Your assignment: The reply must consist of the lines from the first line of the records through the line containing "During the meeting, people", copied exactly, with every picture omitted.

Content starts

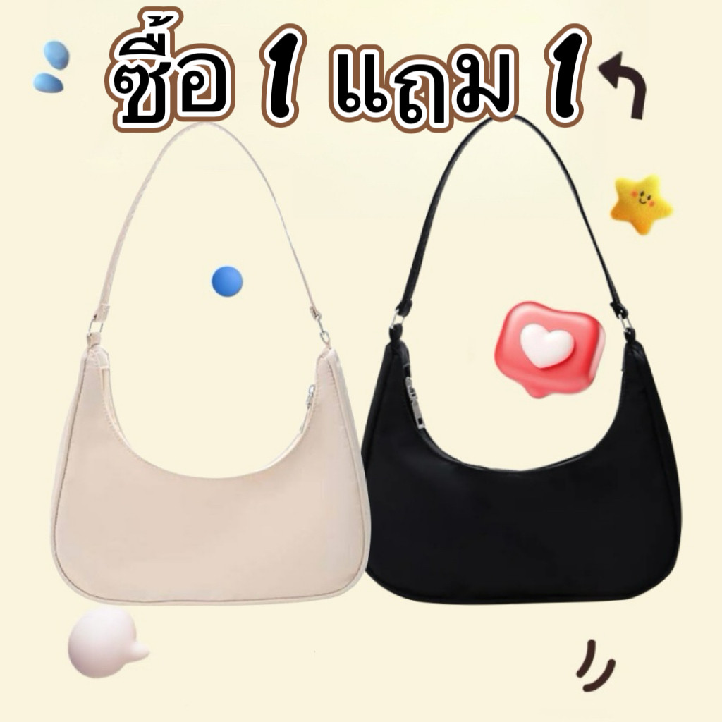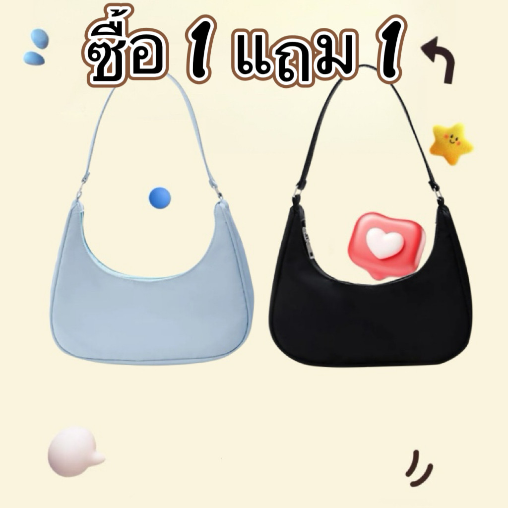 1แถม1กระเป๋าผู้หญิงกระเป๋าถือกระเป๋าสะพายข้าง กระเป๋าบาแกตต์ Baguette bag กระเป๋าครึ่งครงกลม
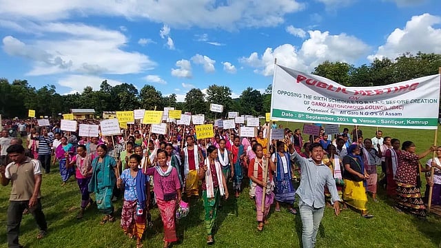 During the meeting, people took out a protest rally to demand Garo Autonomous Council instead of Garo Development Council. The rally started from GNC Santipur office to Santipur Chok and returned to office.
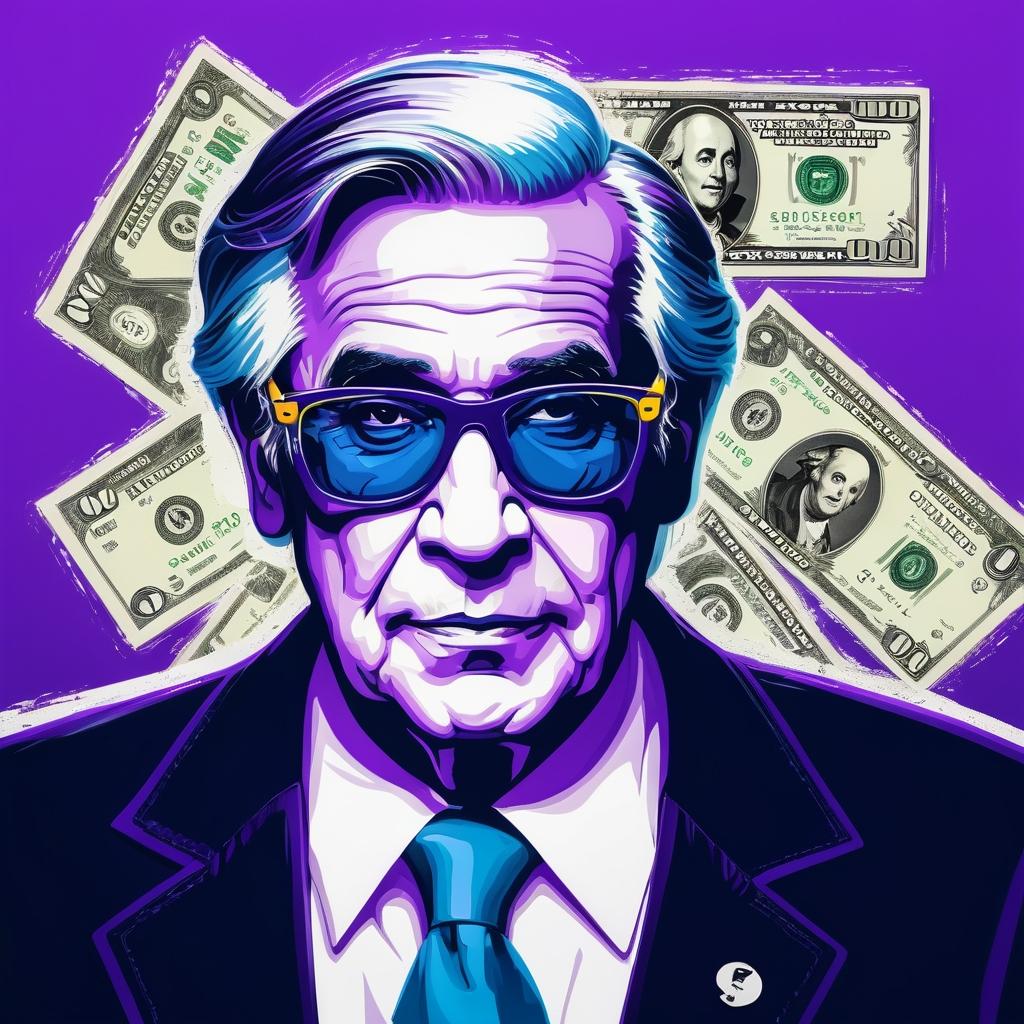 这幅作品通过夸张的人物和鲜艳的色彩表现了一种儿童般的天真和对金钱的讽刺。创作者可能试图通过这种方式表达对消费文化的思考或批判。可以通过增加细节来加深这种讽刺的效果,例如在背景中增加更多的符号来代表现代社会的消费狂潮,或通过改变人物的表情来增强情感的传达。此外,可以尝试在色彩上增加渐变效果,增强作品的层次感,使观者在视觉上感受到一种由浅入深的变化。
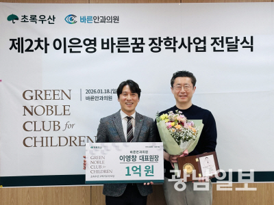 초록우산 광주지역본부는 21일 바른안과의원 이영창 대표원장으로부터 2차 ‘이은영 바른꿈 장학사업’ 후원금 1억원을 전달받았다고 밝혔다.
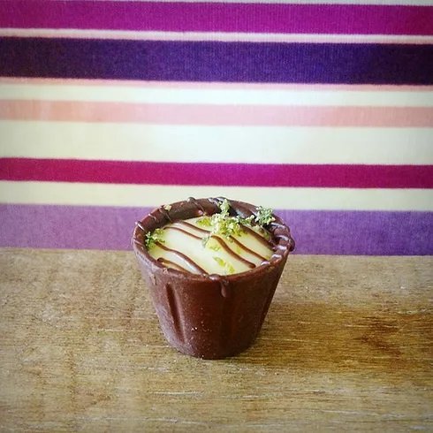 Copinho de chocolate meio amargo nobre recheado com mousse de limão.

Content ends

Written response:
 1แถม1กระเป๋าผู้หญิงกระเป๋าถือกระเป๋าสะพายข้าง กระเป๋าบาแกตต์ Baguette bag กระเป๋าครึ่งครงกลม
 During the meeting, people took out a protest rally to demand Garo Autonomous Council instead of Garo Development Council. The rally started from GNC Santipur office to Santipur Chok and returned to office.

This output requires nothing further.